Problem to solve – Everything from the line containing "กระจกพร้อมคอนโ" down to the last line below should be set down exactly, and only that, without the pictures.

Information supplied –
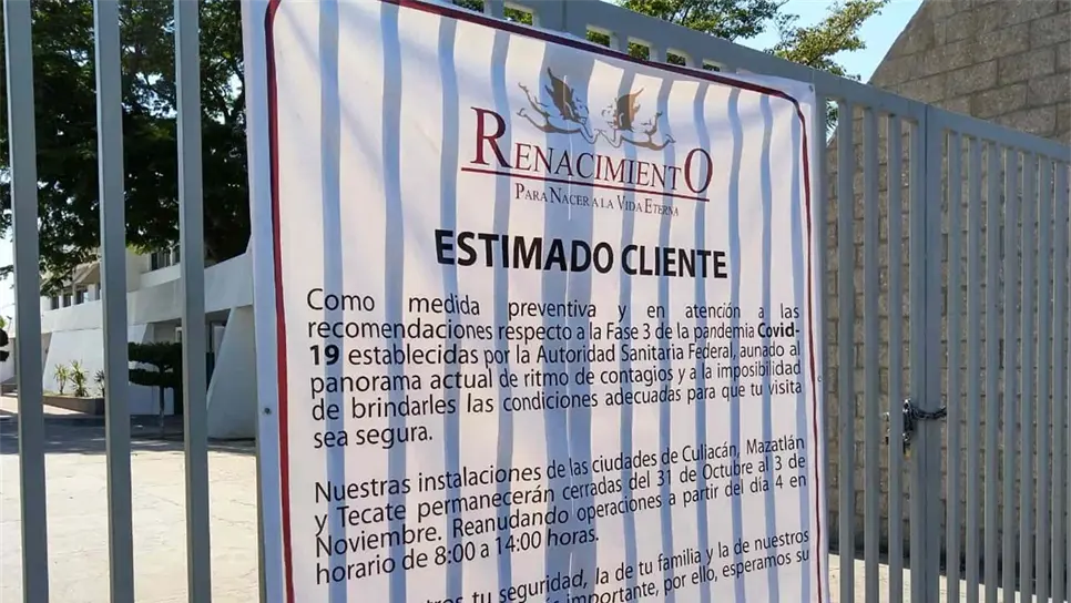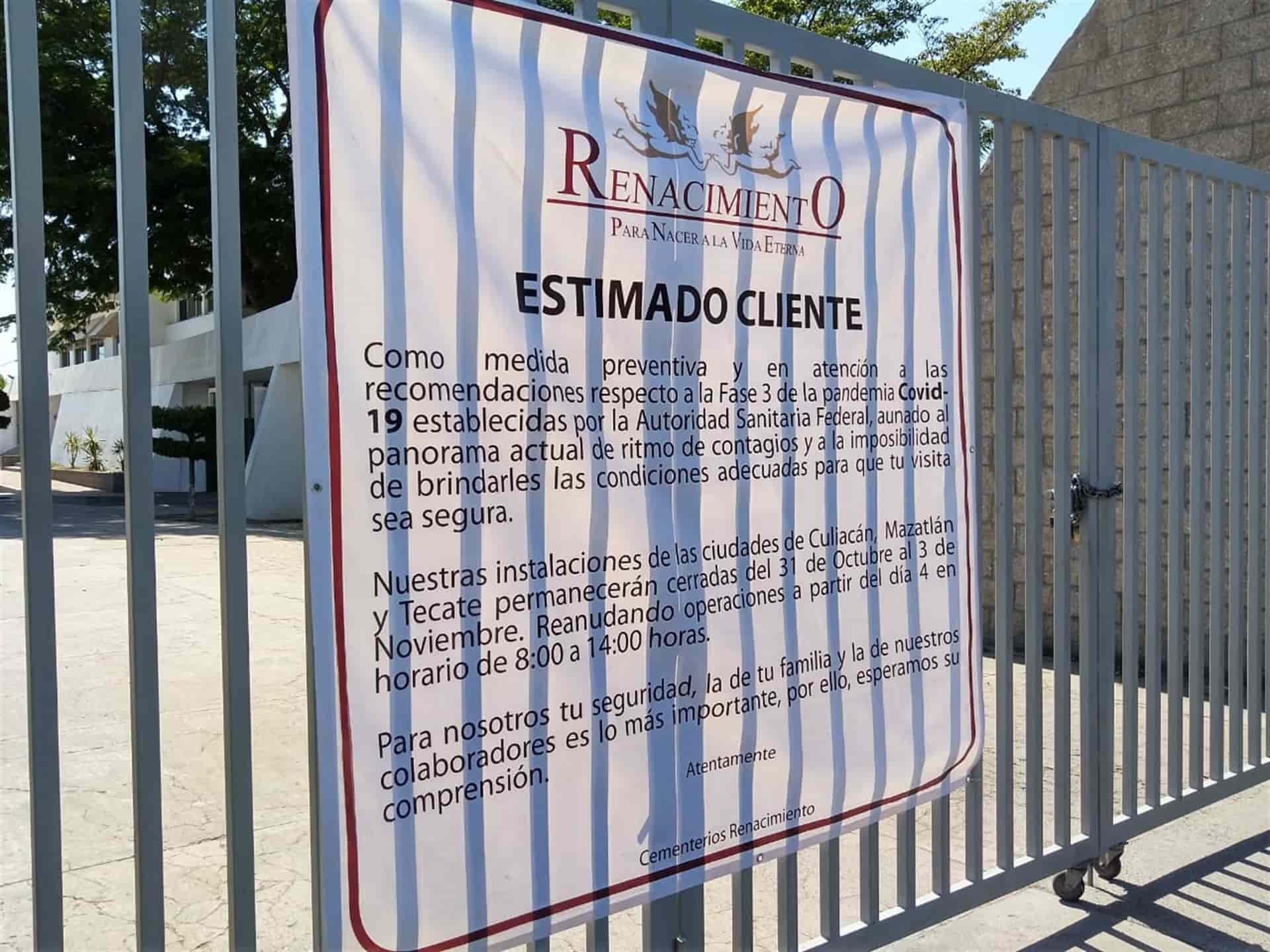 Cierran Panteones Renacimiento en Mazatlán y Culiacán
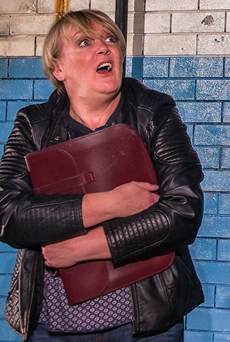 Beside a wall of tiles, cracked, chipped and badly stained, fixed with metal pipe and dull lights, sits a bank of grey, grimy lockers, a metal rail-bench below. A section of metal pithead frame lies overturned on the other side. Add the odd waft of steam, and Kevin Jenkins’ set evokes perfectly the time and place and gives versatile, flowing use of the studio space (especially that opening locker!) Pit helmets and coal-caked faces are not needed to bring vividly to life the lives of the everyday people in a mining village – just five superb actors dressed in everyday clothing (plus one in-your-face police sergeant’s uniform).
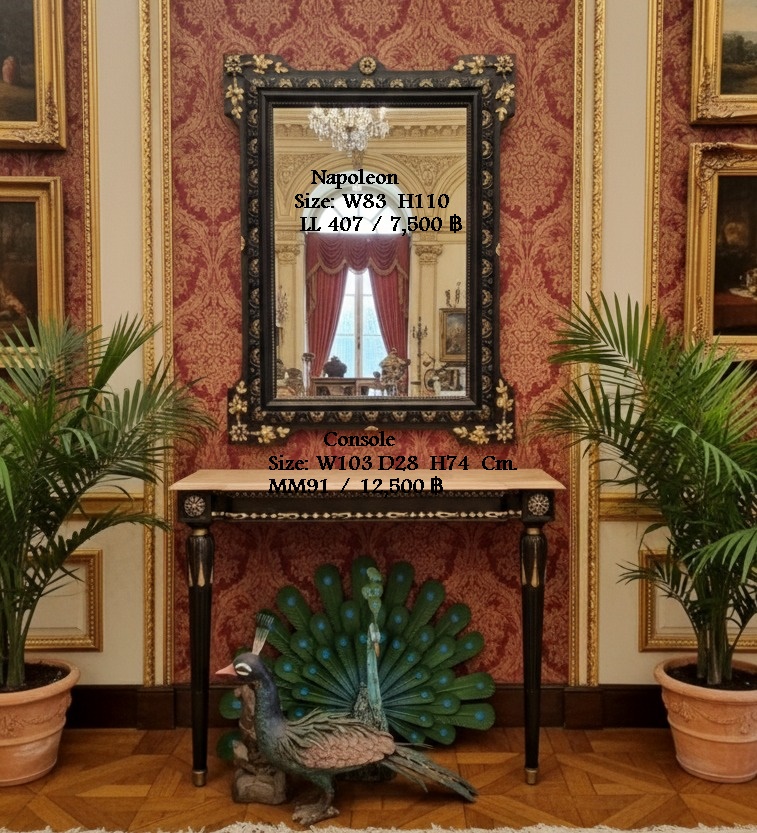 กระจกพร้อมคอนโซลกรอบไม้ทอปหินอ่อนนโปเลียน
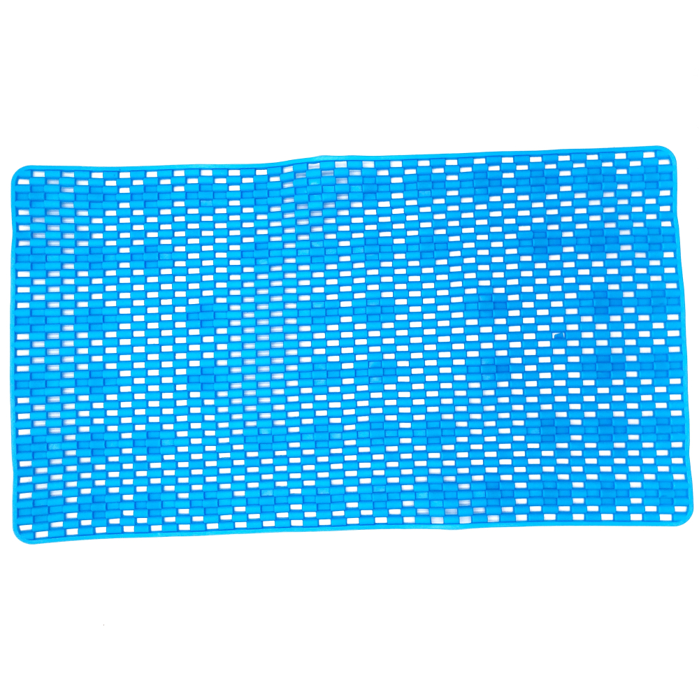 The bath mat features a non-slip surface. The bottom is equipped with numerous suction cups that keep it securely in place.

Task output –
 กระจกพร้อมคอนโซลกรอบไม้ทอปหินอ่อนนโปเลียน
 The bath mat features a non-slip surface. The bottom is equipped with numerous suction cups that keep it securely in place.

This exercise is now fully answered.